PSC-derived CD34+ cells were cultured for 14 days in StemSpan™ SFEM II + StemSpan™ Lymphoid Progenitor Expansion Supplement on plates coated with StemSpan™ Lymphoid Differentiation Coating Material (Figure 3). Cells were harvested and analyzed for CD7 and CD5 expression by flow cytometry. (A) Representative flow cytometry plot for ES (H1)-derived cells. (B) The average frequency of viable CD7+CD5+ lymphoid progenitor cells on day 14 ranged between 40% and 58% and the average yield of lymphoid progenitor cells produced per input PSC-derived CD34+ cell was between 11 and 22. Data are shown as mean ± SEM (n = 5 - 21).

CD56+ NK Cells Characterization, Frequency, and Yield

Figure 5. PSC-Derived Lymphoid Progenitor Cells Differentiate to CD56+ NK Cells After 14 Days of Culture

PSC-derived lymphoid progenitor cells were cultured in StemSpan™ NK Cell Differentiation Medium on non-coated plates for 14 days.

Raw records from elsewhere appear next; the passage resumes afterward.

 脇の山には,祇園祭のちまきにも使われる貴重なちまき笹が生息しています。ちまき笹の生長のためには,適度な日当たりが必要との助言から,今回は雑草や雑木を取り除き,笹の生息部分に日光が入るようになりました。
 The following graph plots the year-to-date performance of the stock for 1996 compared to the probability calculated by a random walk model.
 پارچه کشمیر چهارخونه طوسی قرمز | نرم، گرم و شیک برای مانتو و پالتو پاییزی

Cells were harvested and analyzed for expression of CD56 and CD16 by flow cytometry. Representative flow cytometry plots are shown for both (A) ES (H1)-derived and (B) iPS (WLS-1C)-derived cells. (C) After 28 days of culture, the average frequency of viable CD56+ NK cells from PSC-derived CD34+ cells ranged between 81% and 95%. The average yield of CD56+ cells produced per PSC-derived CD34+ cell was between 112 and 332. Data are shown as mean ± SEM (n = 4 - 13).

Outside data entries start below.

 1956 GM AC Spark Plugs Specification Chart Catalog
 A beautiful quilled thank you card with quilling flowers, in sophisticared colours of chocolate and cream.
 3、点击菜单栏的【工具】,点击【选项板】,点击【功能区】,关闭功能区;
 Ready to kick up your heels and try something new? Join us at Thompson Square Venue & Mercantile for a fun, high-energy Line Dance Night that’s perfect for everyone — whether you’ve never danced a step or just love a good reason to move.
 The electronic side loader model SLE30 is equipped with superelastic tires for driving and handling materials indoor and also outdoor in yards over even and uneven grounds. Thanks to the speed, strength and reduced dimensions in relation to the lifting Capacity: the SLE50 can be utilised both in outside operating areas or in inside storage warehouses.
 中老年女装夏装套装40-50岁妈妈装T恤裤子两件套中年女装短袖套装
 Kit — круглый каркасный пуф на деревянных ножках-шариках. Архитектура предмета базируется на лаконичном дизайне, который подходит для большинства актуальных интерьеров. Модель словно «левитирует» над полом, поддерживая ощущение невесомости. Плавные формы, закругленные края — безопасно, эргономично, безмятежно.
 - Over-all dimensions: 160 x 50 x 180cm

Analysis of Cell Surface Markers Expressed on PSC-Derived CD56+ NK Cells

Figure 6. Cell Surface Marker Expression on PSC-Derived CD56+ NK Cells After 28 Days of Culture

PSC-derived CD34+ cells were cultured in StemSpan™ Lymphoid Progenitor Expansion Medium on plates coated with StemSpan™ Lymphoid Differentiation Coating Material for 14 days, followed by 14 days of culture in StemSpan™ NK Cell Differentiation Medium on non-coated plates to generate CD56+ NK cells. Cells were harvested and analyzed for CD56, NKp46, NKp44, NKp30, NKG2D, KIR, and CD45 expression by flow cytometry. Dead cells were excluded by light scatter profile and DRAQ7™ staining. Data shown are from a representative culture initiated with ES (H1) cells.

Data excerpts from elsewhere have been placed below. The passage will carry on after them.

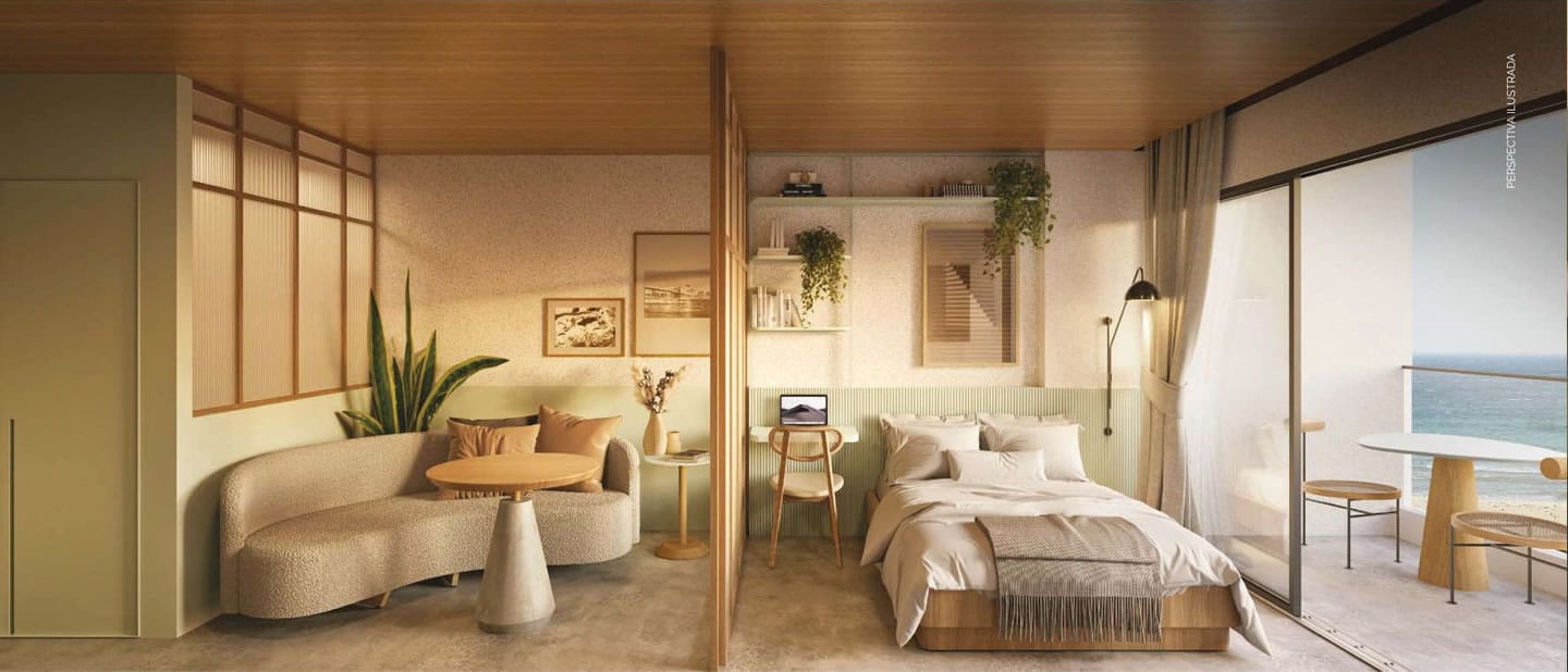 | Studio Float | Studio com vista lateral para o mar, sanitário com ventilação natural, perfeito para solteiros. | 22,28m² a 27,32m² |
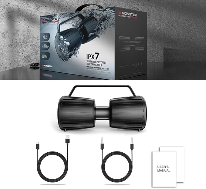 - What You Get-MONSTER Adventurer Force Bluetooth Speaker*1 ,USB-C charging cable*1, AUX cable*1, Quick Start Guide*1. 12 month Worry-Free Service, and our lifetime customer service (1-8 hours). Any questions please feel free to contact us.
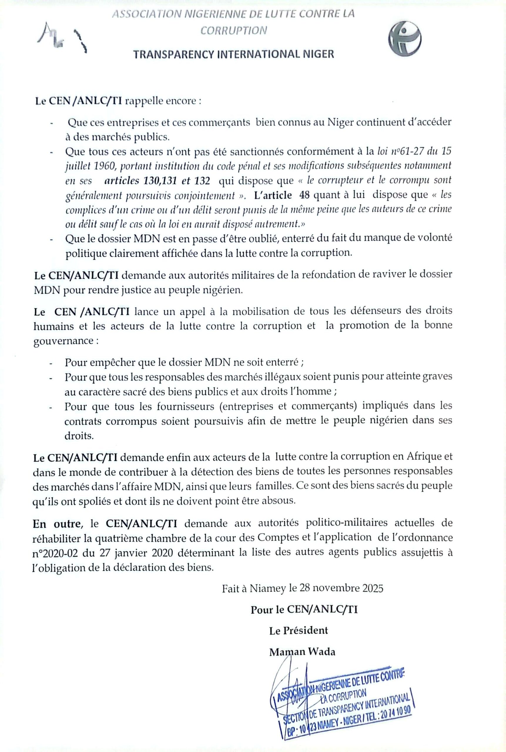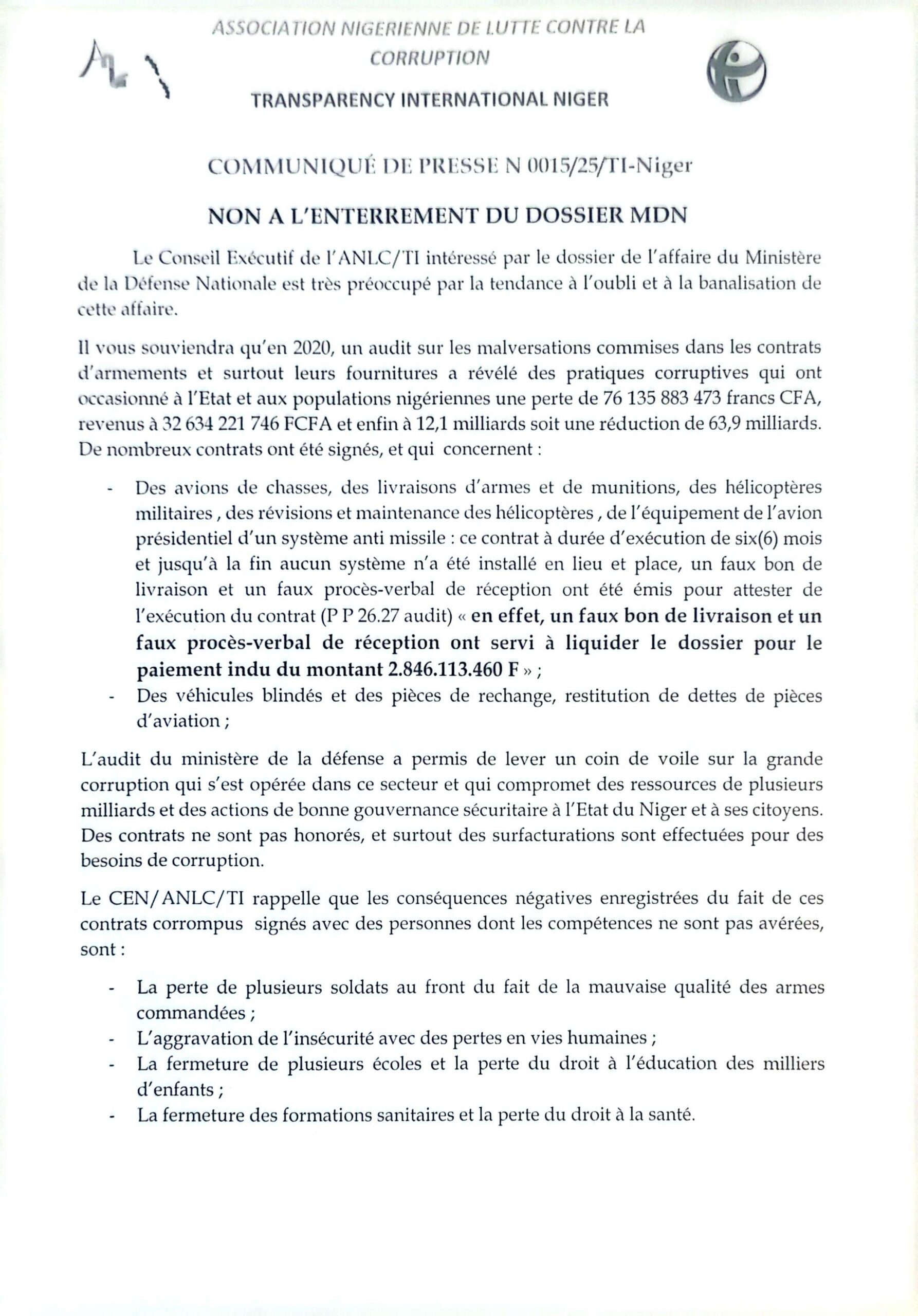 COMMUNIQUÉ DE PRESSE N 0018/25/TI-Niger à l’occasion de la Journée internationale de la Déclaration Universelle des Droits de l’Homme
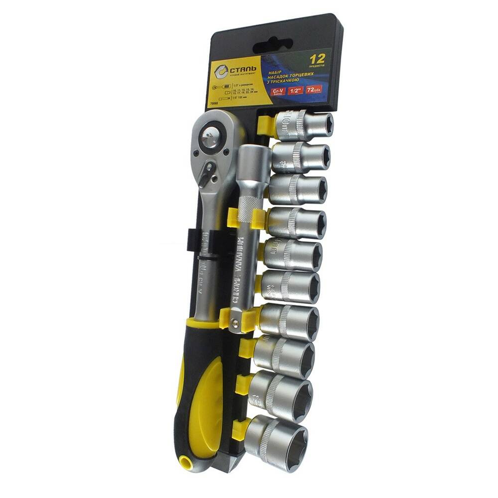 Набір насадок торцевих з тріскачкою 1/2", 12 од. СТАЛЬ

Analysis of Specific Lysis by Cultured NK Cells

Figure 7. Cultured NK Cells Exhibit Cytotoxicity Toward K562 Cell Line

CD56+ NK cells were generated from PSC-derived CD34+ cells after 28 days of culture and then co-cultured with calcein AM (CAM)-labeled K562 cells at a ratio of 2.5:1 for 4 hours. Isolated peripheral blood (PB) NK cells and monocytes were also co-cultured with labeled K562 cells as positive and negative controls, respectively. Before the co-culture, frozen PB NK cells were thawed and cultured overnight with the NK Cell Differentiation Supplement and StemSpan™ SFEM II, while PB monocytes were cultured overnight in SFEM II only. To measure maximum release, the labeled K562 cells were treated with 1% Triton™ X-100. Culture supernatants were assessed for fluorescence released by dead cells after 4 hours using a SpectraMax® microplate reader (excitation 485 nm / emission 520 nm). The % specific lysis was calculated as follows: [(test release - spontaneous release) / (maximum release - spontaneous release)] X 100%. The average specific lysis by PSC-derived NK cells ranged between 51% and 75% as compared to 62% specific lysis by PB NK cells. Cultures of ES (H1 and H9) and iPS (WLS-1C, STiPS-M001, and STiPS-F016) cells are shown. Data are shown as mean ± SEM (n = 3 - 7).